# WORK TO COMPLETE:
For this exercise, repeat exactly the lines below starting at the line holding "É um servidor" and ending at the line holding "WEHRMACHT EAGLE FOR", both included, with no extra lines and no pictures.

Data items
·····

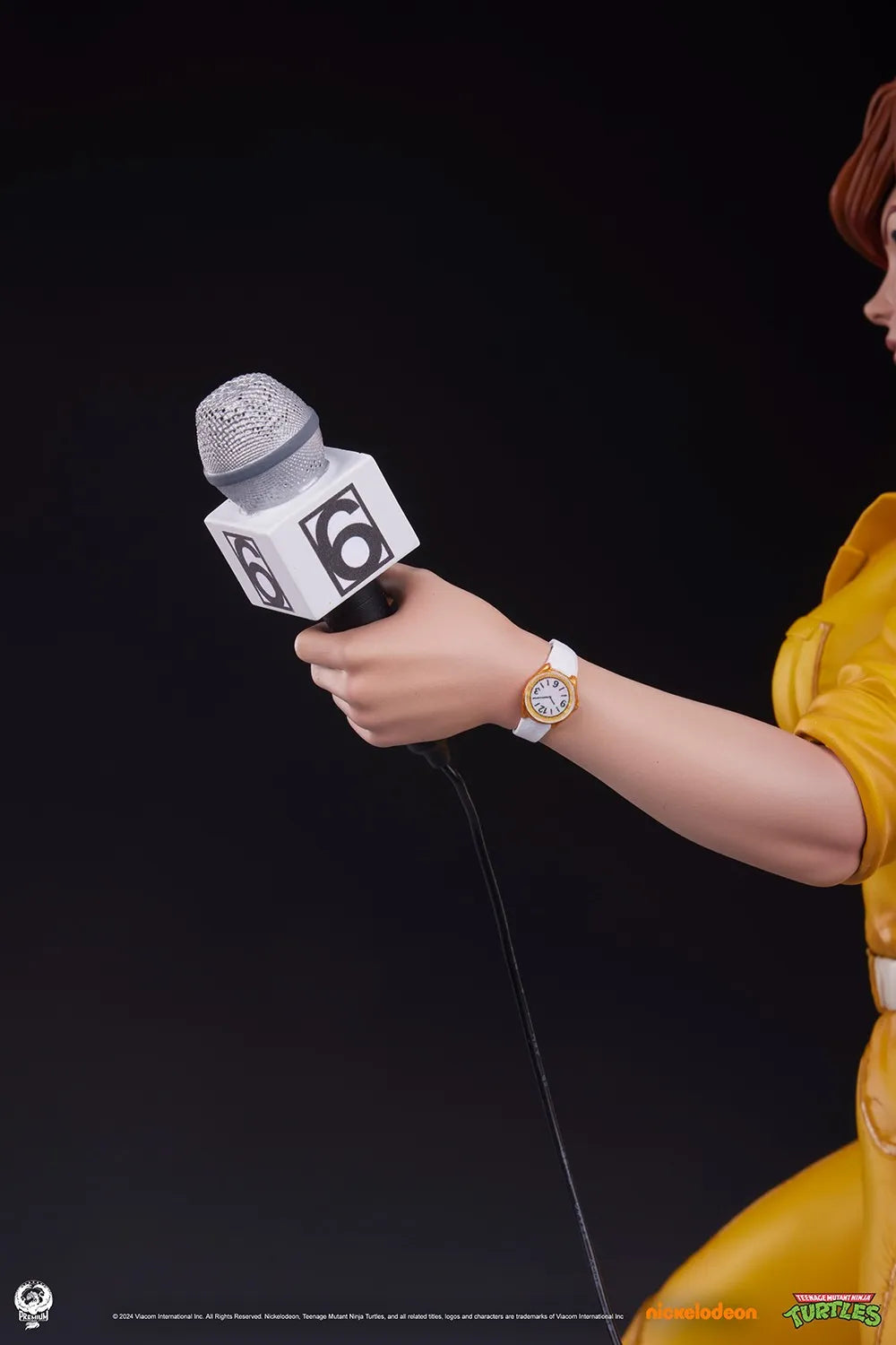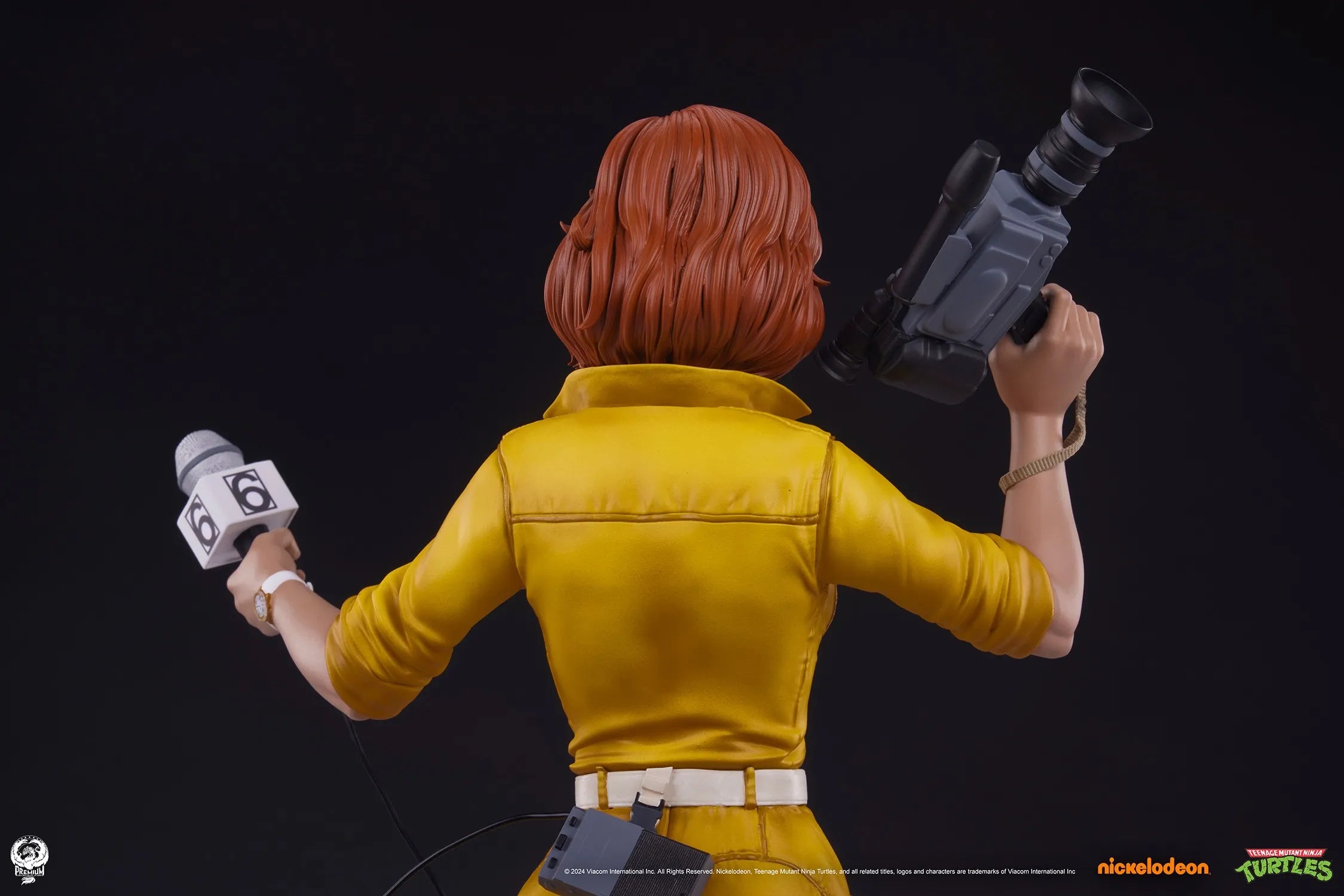 ActionFigureBrasil e a Premium Collectibles Studio têm o orgulho de apresentar o April O’Neil Estátua Premier Series em Escala 1:4, uma empolgante nova adição à nossa linha de colecionáveis baseada na clássica série animada das Tartarugas Ninja. A Estátua April 1:4 tem mais de 45 cm de altura e está vestida com seu icônico macacão amarelo. Sua mão direita segura uma câmera de vídeo do Canal 6, enquanto na mão esquerda está seu fiel microfone conectado a um pequeno gravador preso nas costas do macacão. Esta destemida repórter parece pronta para a ação sobre uma base que representa uma cena de rua, repleta dos restos quebrados de um robô Mouser maníaco.
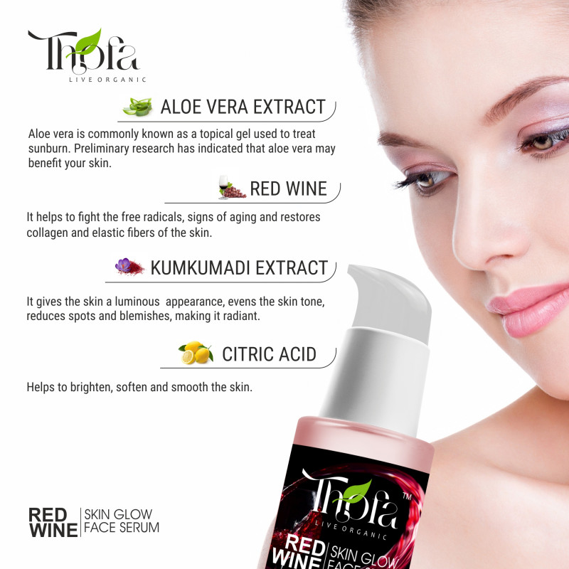 Thofa Red Wine Skin Glow Serum is well-known for its antiseptic, anti-bacterial and disinfectant properties. Apart from improving the skin complexion. Thofa Red Wine Skin Glow Serum is free of sulphates, silicones, parabens, and other harmful chemicals. Cruelty-free vegan. Thofa brand is always with nature and sources organic ingredients so that each product is crafted to perfection.
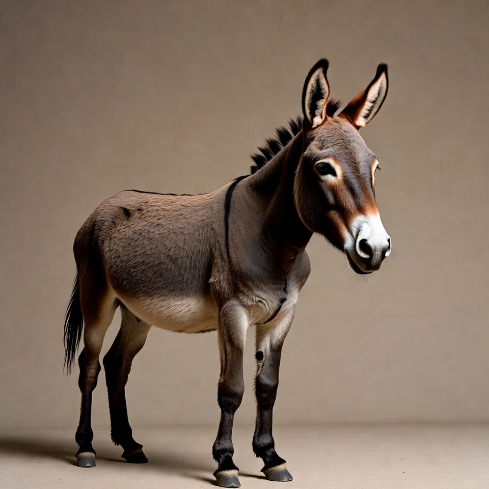 A brown donkey with large ears and expressive eyes stands on a plain beige background. Its mane is spiky, and it has a white muzzle with a slight smile. The donkey faces slightly to the side with its tail hanging down.
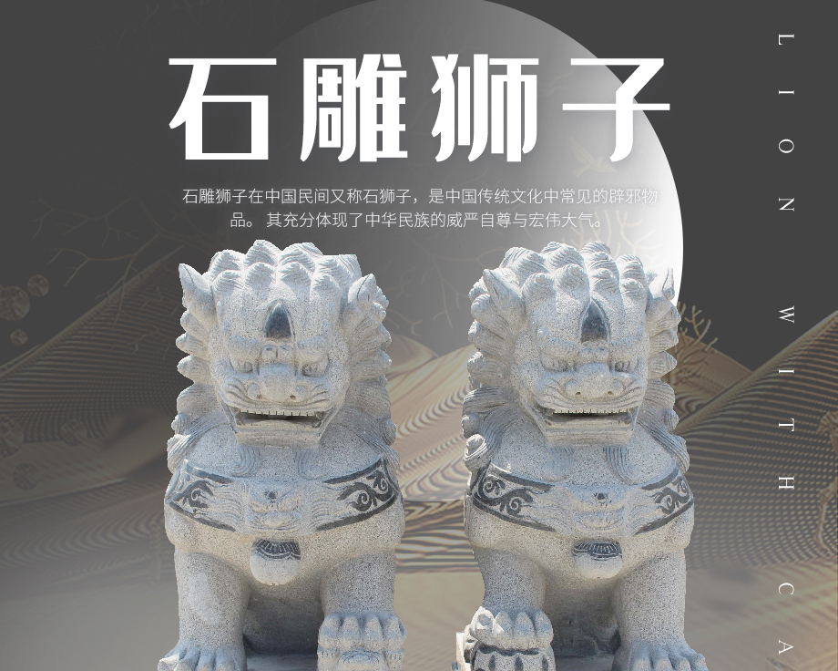 石雕獅子作為漢族傳統(tǒng)文化中常見(jiàn)的辟邪物品,種類(lèi)多樣,可以擺放在多種場(chǎng)所。這一對(duì)石獅子選自?xún)?yōu)質(zhì)的福建本地漳浦黑石材雕就而成,雕刻水平相對(duì)較難,水平也相對(duì)較高。特別適合擺放在大門(mén)外,尤其是中式古宅。給人一種復(fù)古的感覺(jué)。
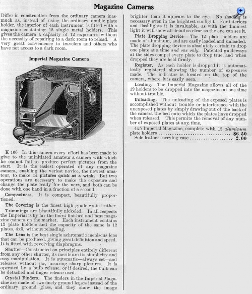 Abweichend von den Studiokameras in Kastenform, gab es aber schon bald im 19. Jahrhundert Plattenboxen für den den portablen Betrieb. Hier wurde auf die wechselbare Mattscheibe verzichtet und stattdessen eine "Zielvorrichtung" zur ungefähren Motiv-Wahl eingebaut.
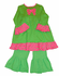 Luigi Hot Pink Bow Dress with Bringht Green and Ruffle Hem and Sleeves and Matching PINK POLKA DOT (LIKE RUFFLE not green))Leggings. Peruvian pima cotton.
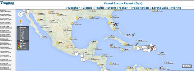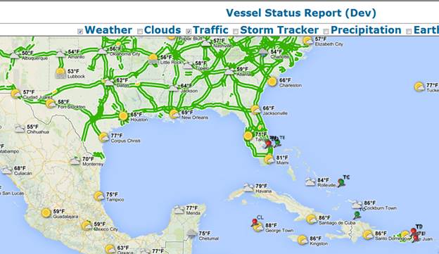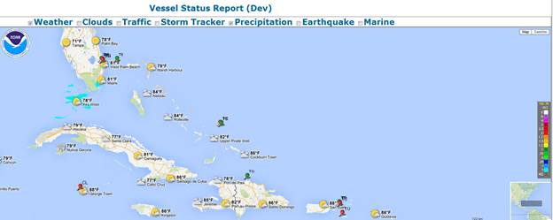 The new Vessel Tracking system’s framework was enhanced to allow layers to be added without additional code changes. This was supported by allowing the system to use a new overlay layer by passing the layer’s information to the vessel tracking system in the url string. An example of this
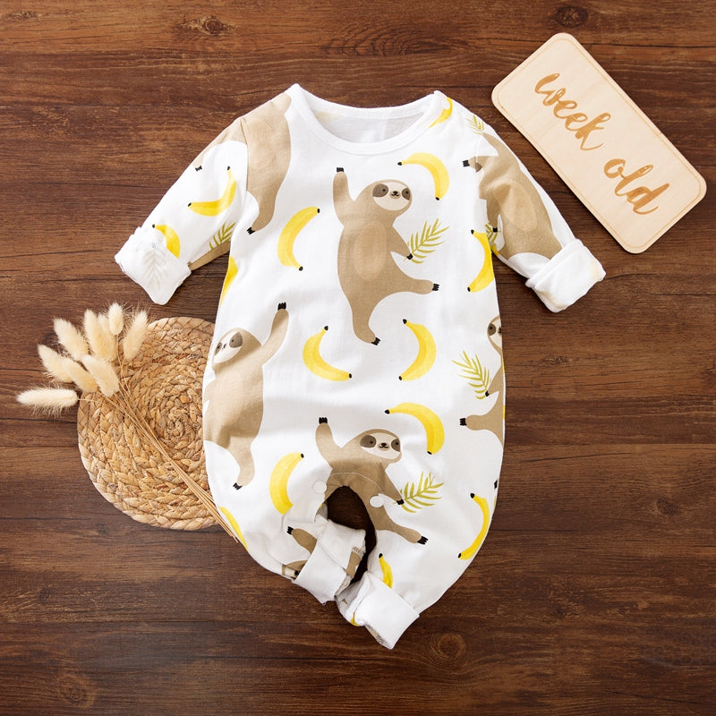 Baby Boy Animal And Banana Pattern Long Sleeve Jumpsuit Wholesale
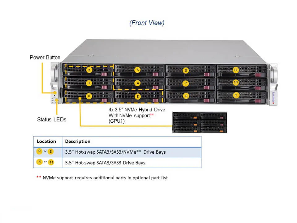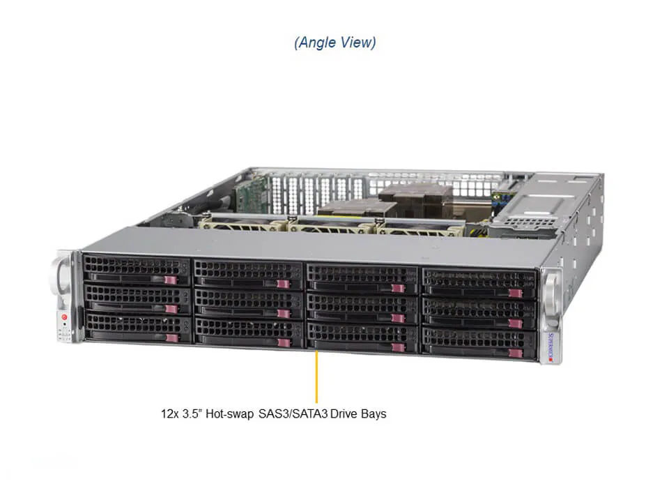 É um servidor de armazenamento 2U com 12 baias SAS/SATA/NVMe hot-swap, ideal para aplicações empresariais, virtualização e data centers.
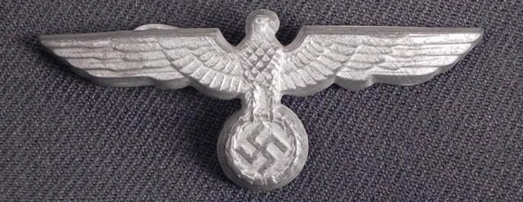WEHRMACHT EAGLE FOR VISOR HAT-2 1/2"-HAS ALL 3 PRONGS-ORIG * NICE REPLACEMENT OR COLLECTIBLE NAZI EAGLE & SWASTIKA
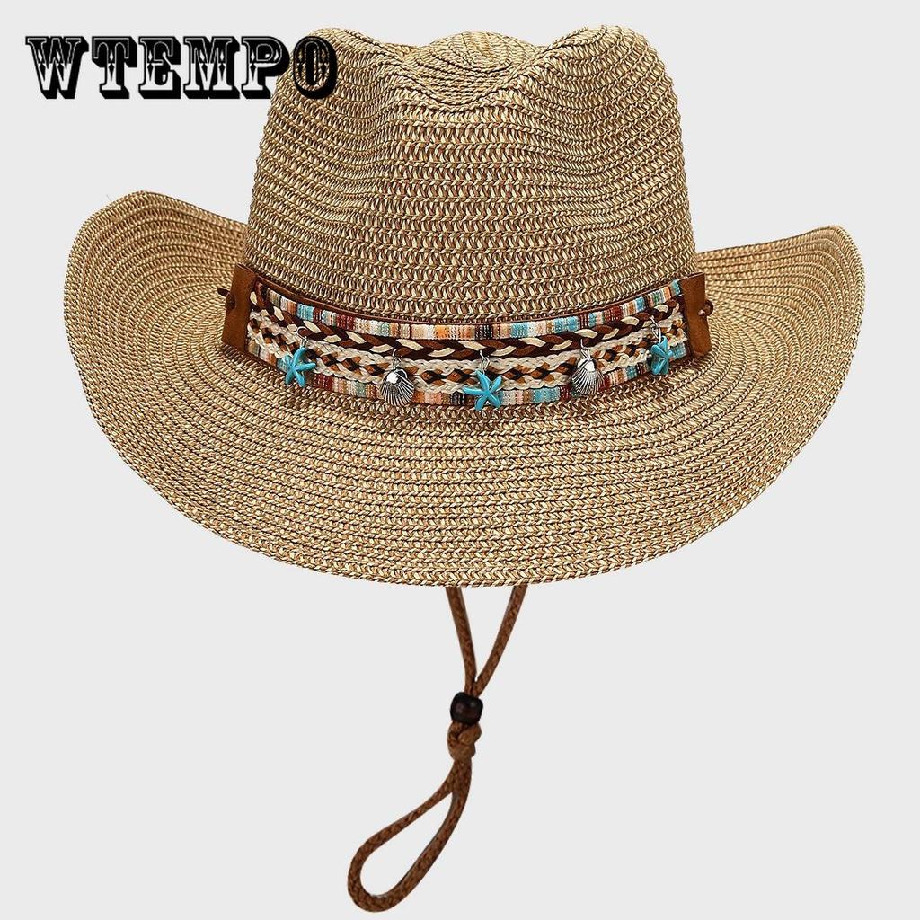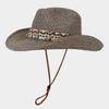 Boho-Chic Handcrafted Straw Cowboy Hat with Blue Accents - Breathable, Lightweight & Stylish for Women

·····

# YOUR SOLUTION:
 É um servidor de armazenamento 2U com 12 baias SAS/SATA/NVMe hot-swap, ideal para aplicações empresariais, virtualização e data centers.
WEHRMACHT EAGLE FOR VISOR HAT-2 1/2"-HAS ALL 3 PRONGS-ORIG * NICE REPLACEMENT OR COLLECTIBLE NAZI EAGLE & SWASTIKA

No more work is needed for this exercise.